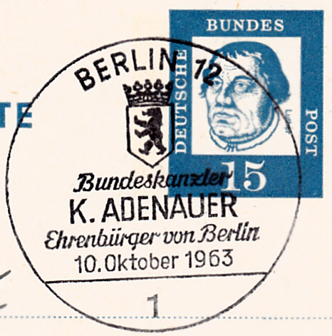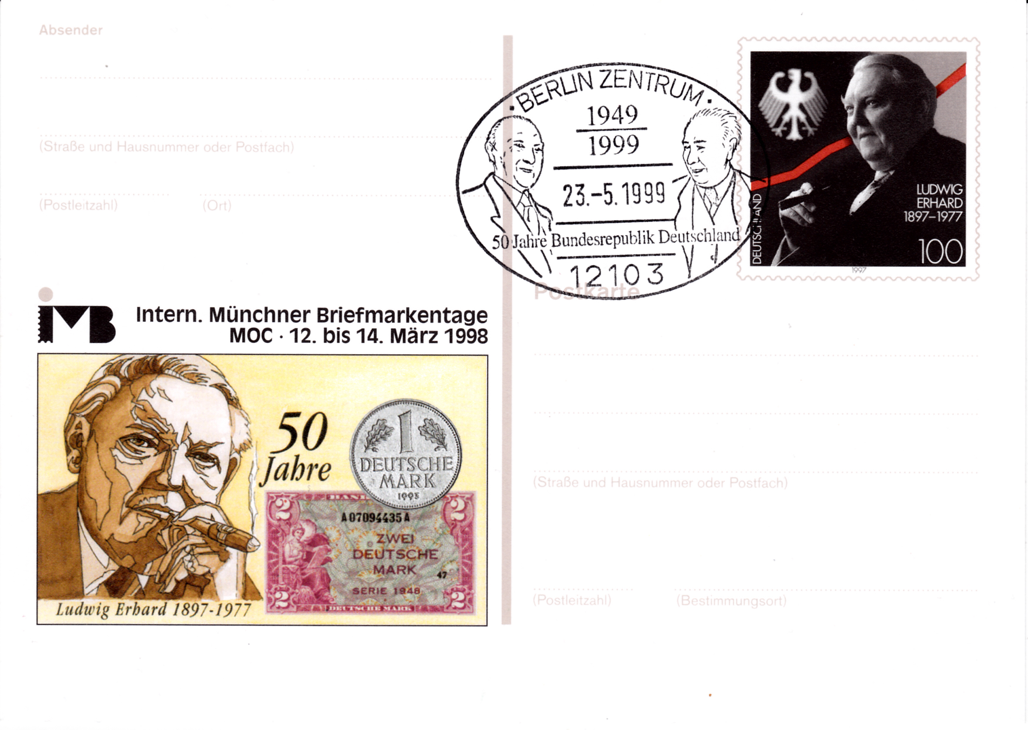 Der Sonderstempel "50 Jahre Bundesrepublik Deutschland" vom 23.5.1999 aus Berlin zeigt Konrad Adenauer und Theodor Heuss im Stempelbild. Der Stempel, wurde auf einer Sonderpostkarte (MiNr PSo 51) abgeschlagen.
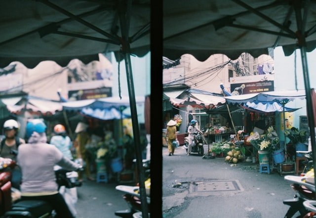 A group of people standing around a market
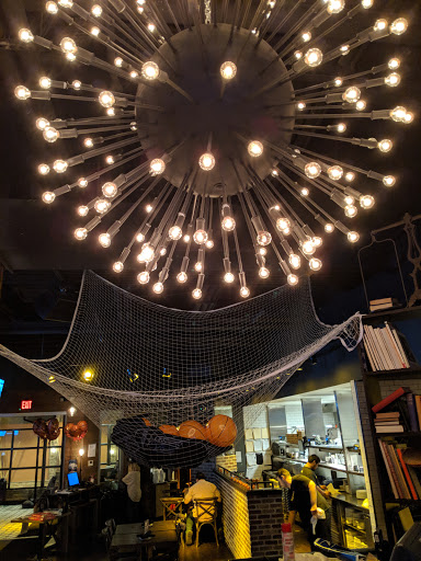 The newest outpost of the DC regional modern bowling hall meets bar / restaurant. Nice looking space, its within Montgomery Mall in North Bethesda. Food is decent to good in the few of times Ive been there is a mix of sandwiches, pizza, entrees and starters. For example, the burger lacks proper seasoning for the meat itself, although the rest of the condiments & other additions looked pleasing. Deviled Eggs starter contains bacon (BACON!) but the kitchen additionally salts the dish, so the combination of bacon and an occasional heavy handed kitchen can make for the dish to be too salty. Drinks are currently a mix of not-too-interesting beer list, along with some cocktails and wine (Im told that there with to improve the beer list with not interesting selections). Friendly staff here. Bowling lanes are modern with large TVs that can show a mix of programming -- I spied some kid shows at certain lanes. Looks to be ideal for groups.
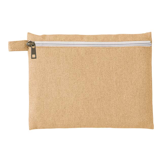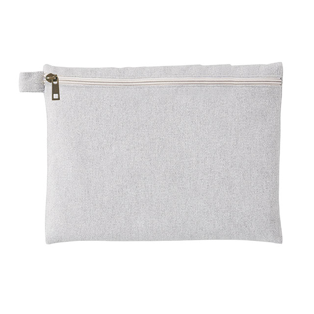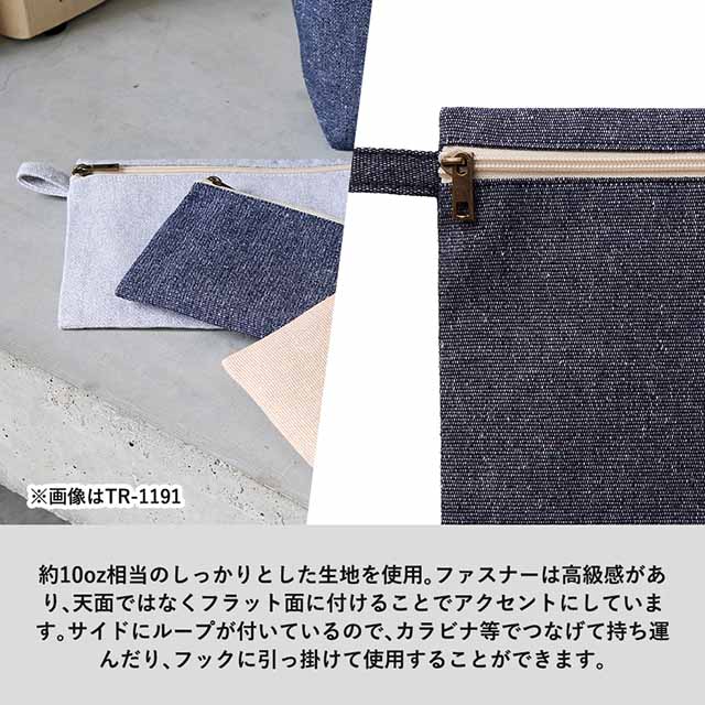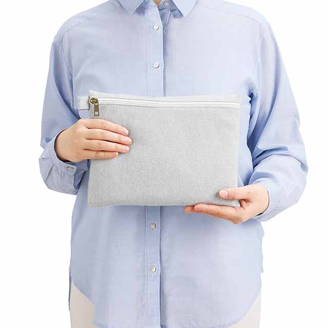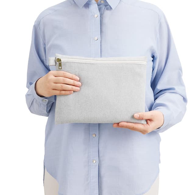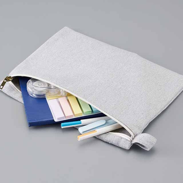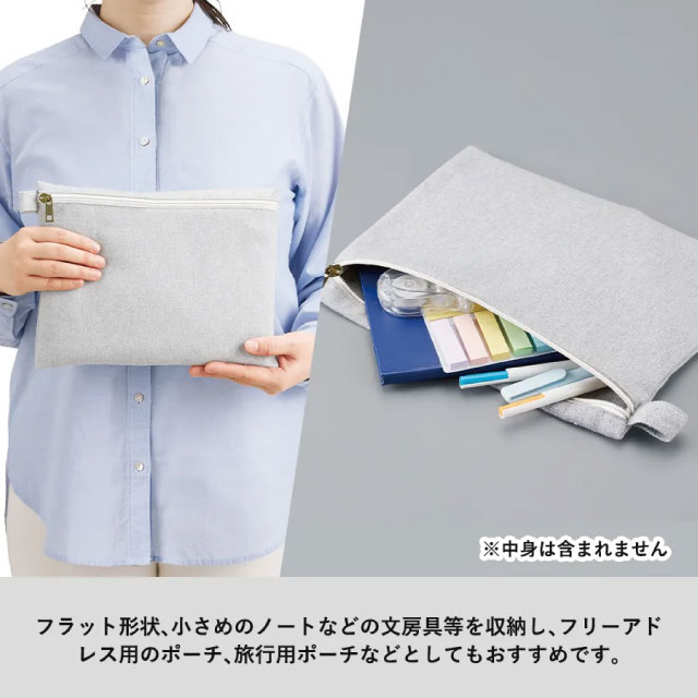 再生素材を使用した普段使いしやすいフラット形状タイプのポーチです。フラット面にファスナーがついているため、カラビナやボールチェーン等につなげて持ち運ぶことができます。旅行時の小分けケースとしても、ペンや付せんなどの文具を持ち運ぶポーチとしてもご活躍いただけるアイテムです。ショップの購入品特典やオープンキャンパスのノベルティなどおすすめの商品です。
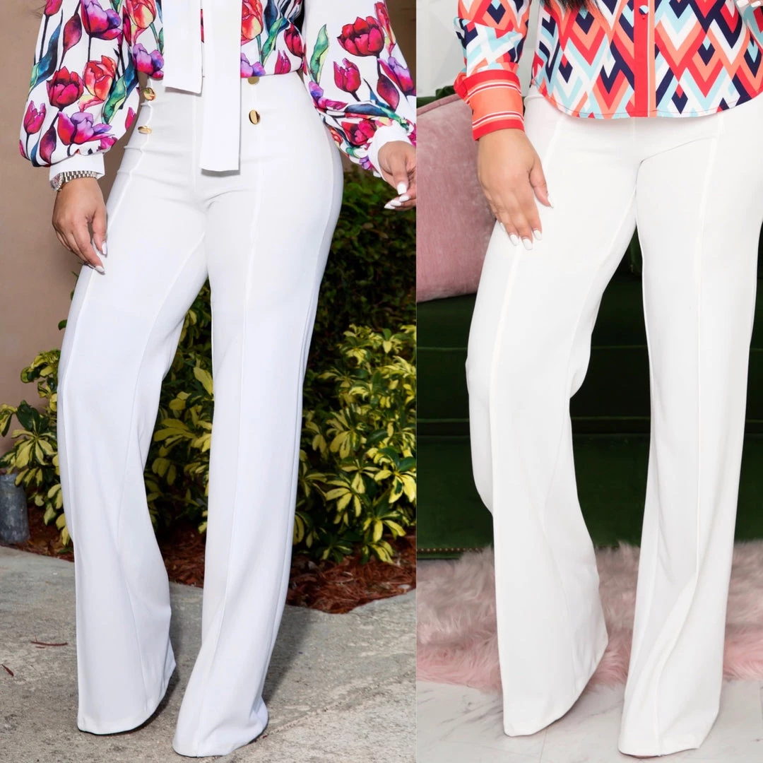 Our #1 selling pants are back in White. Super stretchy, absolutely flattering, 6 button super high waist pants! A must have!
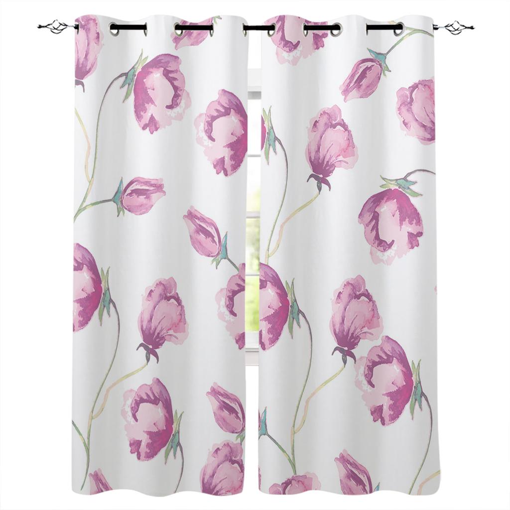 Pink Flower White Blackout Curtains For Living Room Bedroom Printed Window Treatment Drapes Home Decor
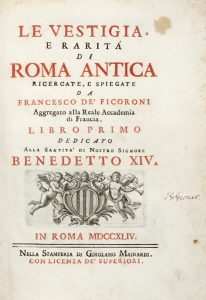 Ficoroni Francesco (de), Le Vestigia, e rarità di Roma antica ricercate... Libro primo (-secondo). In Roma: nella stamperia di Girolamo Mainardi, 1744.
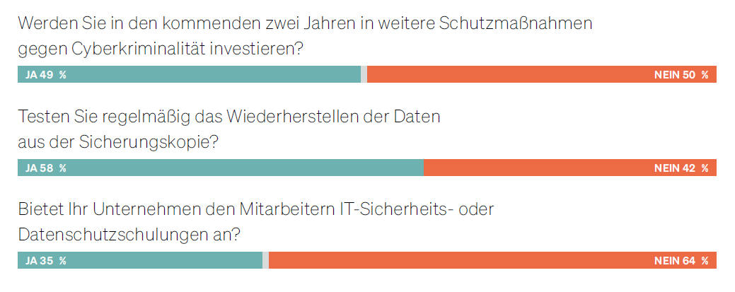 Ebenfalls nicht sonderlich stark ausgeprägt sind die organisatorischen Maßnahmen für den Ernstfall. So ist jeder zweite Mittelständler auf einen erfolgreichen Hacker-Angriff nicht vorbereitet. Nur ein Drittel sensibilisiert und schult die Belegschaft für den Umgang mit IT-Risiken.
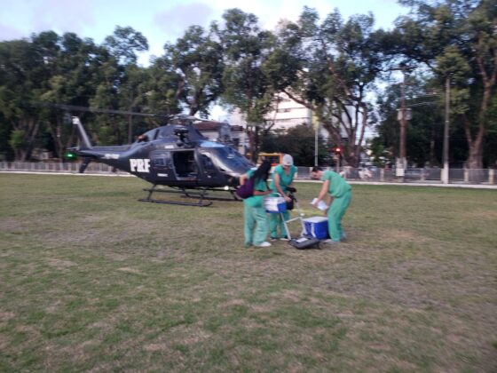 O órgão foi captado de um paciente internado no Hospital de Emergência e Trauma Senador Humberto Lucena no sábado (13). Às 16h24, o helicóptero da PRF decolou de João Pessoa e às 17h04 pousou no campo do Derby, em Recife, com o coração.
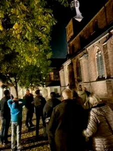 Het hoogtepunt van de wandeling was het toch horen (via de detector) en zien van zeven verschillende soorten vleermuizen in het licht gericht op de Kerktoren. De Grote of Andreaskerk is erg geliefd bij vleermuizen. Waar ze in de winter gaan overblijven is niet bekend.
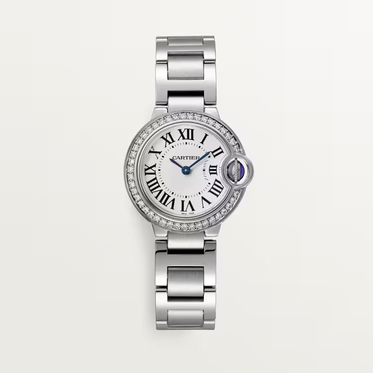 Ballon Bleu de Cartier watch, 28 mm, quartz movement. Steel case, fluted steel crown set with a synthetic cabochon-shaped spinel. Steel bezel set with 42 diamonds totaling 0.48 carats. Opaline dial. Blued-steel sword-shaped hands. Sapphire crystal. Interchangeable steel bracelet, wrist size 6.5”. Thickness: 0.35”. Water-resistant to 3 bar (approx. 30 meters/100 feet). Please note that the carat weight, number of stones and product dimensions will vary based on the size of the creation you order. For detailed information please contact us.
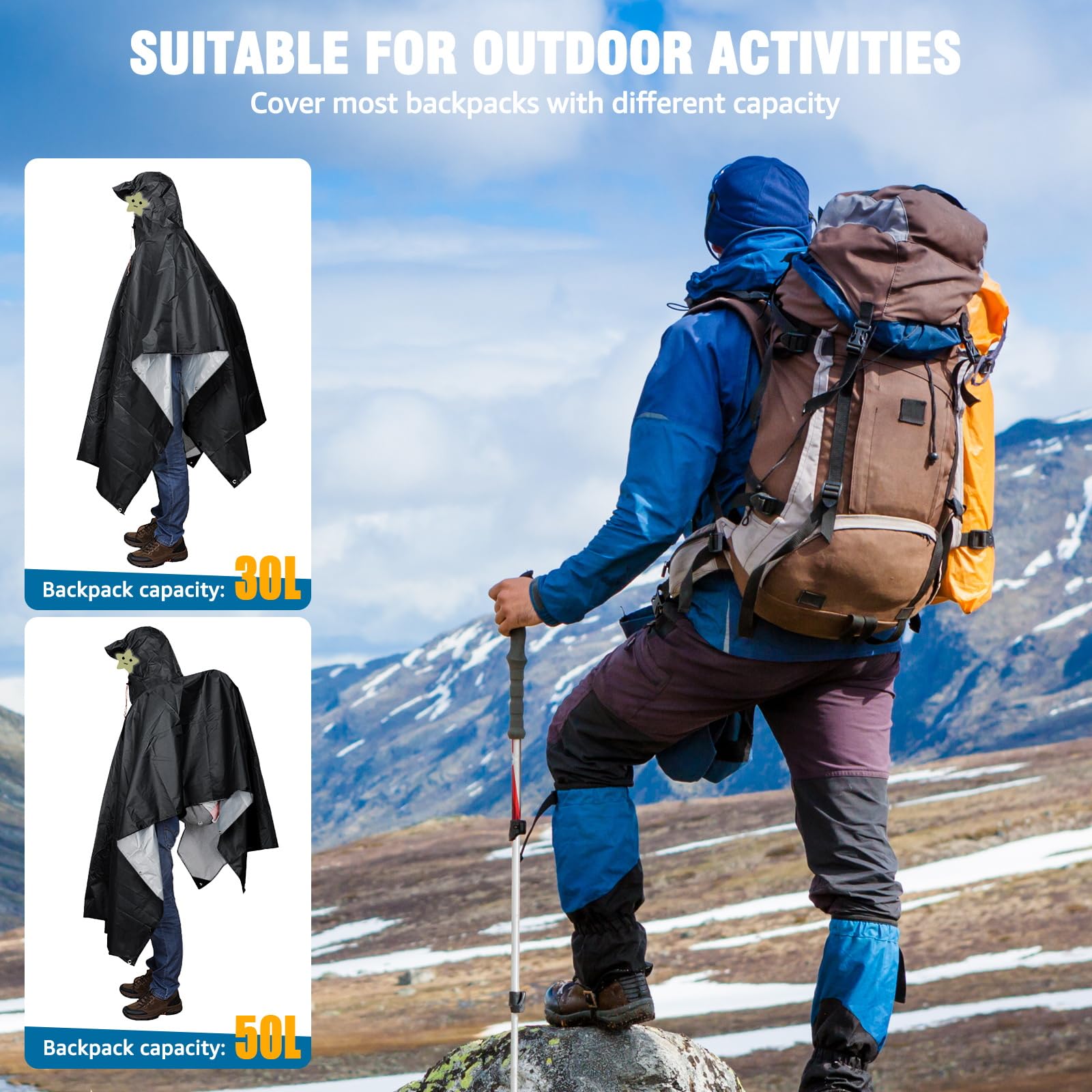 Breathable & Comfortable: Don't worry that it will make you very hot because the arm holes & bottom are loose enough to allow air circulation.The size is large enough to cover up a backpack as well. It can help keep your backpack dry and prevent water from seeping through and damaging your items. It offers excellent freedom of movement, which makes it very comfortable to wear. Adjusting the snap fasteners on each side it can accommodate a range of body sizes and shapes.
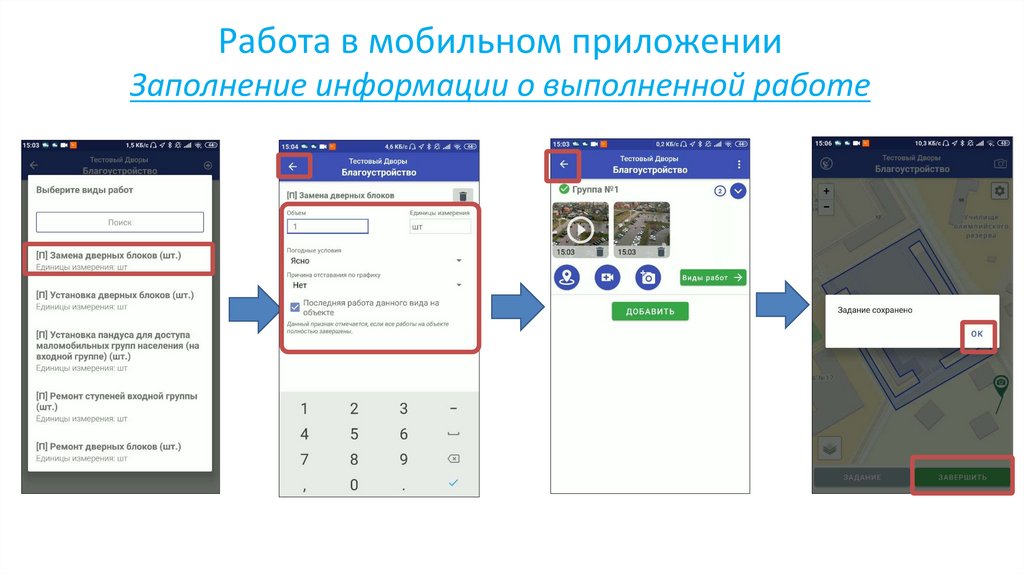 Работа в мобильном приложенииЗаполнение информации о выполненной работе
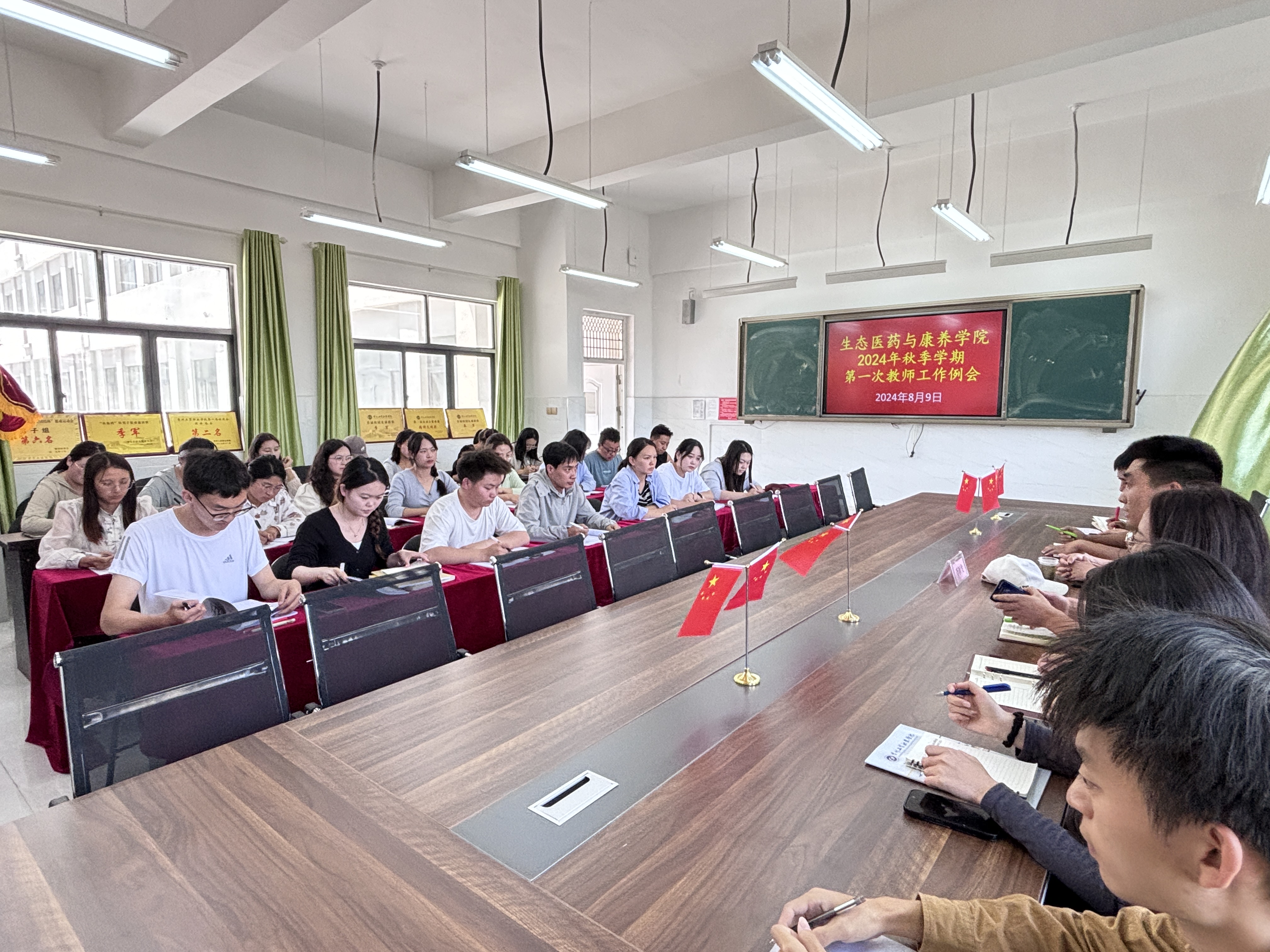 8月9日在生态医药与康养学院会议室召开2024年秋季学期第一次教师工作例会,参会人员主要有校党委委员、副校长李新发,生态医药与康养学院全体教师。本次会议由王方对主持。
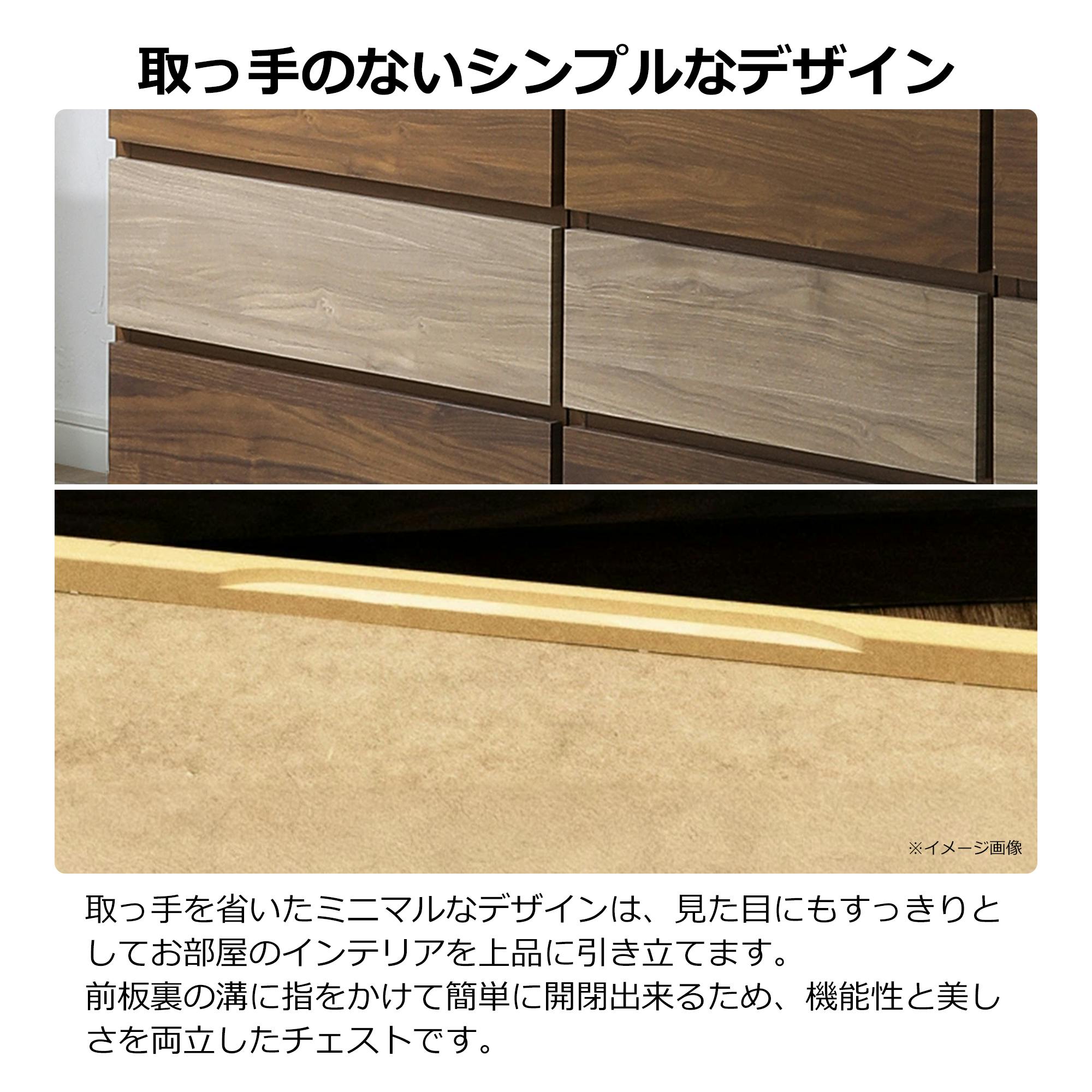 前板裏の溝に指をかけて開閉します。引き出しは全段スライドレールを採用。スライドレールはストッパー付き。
-*-*-
(Your instructions) Return the material in full and unaltered, minus its pictures.

(Response to this exercise)
 Der Sonderstempel "50 Jahre Bundesrepublik Deutschland" vom 23.5.1999 aus Berlin zeigt Konrad Adenauer und Theodor Heuss im Stempelbild. Der Stempel, wurde auf einer Sonderpostkarte (MiNr PSo 51) abgeschlagen.
 A group of people standing around a market
 The newest outpost of the DC regional modern bowling hall meets bar / restaurant. Nice looking space, its within Montgomery Mall in North Bethesda. Food is decent to good in the few of times Ive been there is a mix of sandwiches, pizza, entrees and starters. For example, the burger lacks proper seasoning for the meat itself, although the rest of the condiments & other additions looked pleasing. Deviled Eggs starter contains bacon (BACON!) but the kitchen additionally salts the dish, so the combination of bacon and an occasional heavy handed kitchen can make for the dish to be too salty. Drinks are currently a mix of not-too-interesting beer list, along with some cocktails and wine (Im told that there with to improve the beer list with not interesting selections). Friendly staff here. Bowling lanes are modern with large TVs that can show a mix of programming -- I spied some kid shows at certain lanes. Looks to be ideal for groups.
 再生素材を使用した普段使いしやすいフラット形状タイプのポーチです。フラット面にファスナーがついているため、カラビナやボールチェーン等につなげて持ち運ぶことができます。旅行時の小分けケースとしても、ペンや付せんなどの文具を持ち運ぶポーチとしてもご活躍いただけるアイテムです。ショップの購入品特典やオープンキャンパスのノベルティなどおすすめの商品です。
 Our #1 selling pants are back in White. Super stretchy, absolutely flattering, 6 button super high waist pants! A must have!
 Pink Flower White Blackout Curtains For Living Room Bedroom Printed Window Treatment Drapes Home Decor
 Ficoroni Francesco (de), Le Vestigia, e rarità di Roma antica ricercate... Libro primo (-secondo). In Roma: nella stamperia di Girolamo Mainardi, 1744.
 Ebenfalls nicht sonderlich stark ausgeprägt sind die organisatorischen Maßnahmen für den Ernstfall. So ist jeder zweite Mittelständler auf einen erfolgreichen Hacker-Angriff nicht vorbereitet. Nur ein Drittel sensibilisiert und schult die Belegschaft für den Umgang mit IT-Risiken.
 O órgão foi captado de um paciente internado no Hospital de Emergência e Trauma Senador Humberto Lucena no sábado (13). Às 16h24, o helicóptero da PRF decolou de João Pessoa e às 17h04 pousou no campo do Derby, em Recife, com o coração.
 Het hoogtepunt van de wandeling was het toch horen (via de detector) en zien van zeven verschillende soorten vleermuizen in het licht gericht op de Kerktoren. De Grote of Andreaskerk is erg geliefd bij vleermuizen. Waar ze in de winter gaan overblijven is niet bekend.
 Ballon Bleu de Cartier watch, 28 mm, quartz movement. Steel case, fluted steel crown set with a synthetic cabochon-shaped spinel. Steel bezel set with 42 diamonds totaling 0.48 carats. Opaline dial. Blued-steel sword-shaped hands. Sapphire crystal. Interchangeable steel bracelet, wrist size 6.5”. Thickness: 0.35”. Water-resistant to 3 bar (approx. 30 meters/100 feet). Please note that the carat weight, number of stones and product dimensions will vary based on the size of the creation you order. For detailed information please contact us.
 Breathable & Comfortable: Don't worry that it will make you very hot because the arm holes & bottom are loose enough to allow air circulation.The size is large enough to cover up a backpack as well. It can help keep your backpack dry and prevent water from seeping through and damaging your items. It offers excellent freedom of movement, which makes it very comfortable to wear. Adjusting the snap fasteners on each side it can accommodate a range of body sizes and shapes.
 Работа в мобильном приложенииЗаполнение информации о выполненной работе
 8月9日在生态医药与康养学院会议室召开2024年秋季学期第一次教师工作例会,参会人员主要有校党委委员、副校长李新发,生态医药与康养学院全体教师。本次会议由王方对主持。
 前板裏の溝に指をかけて開閉します。引き出しは全段スライドレールを採用。スライドレールはストッパー付き。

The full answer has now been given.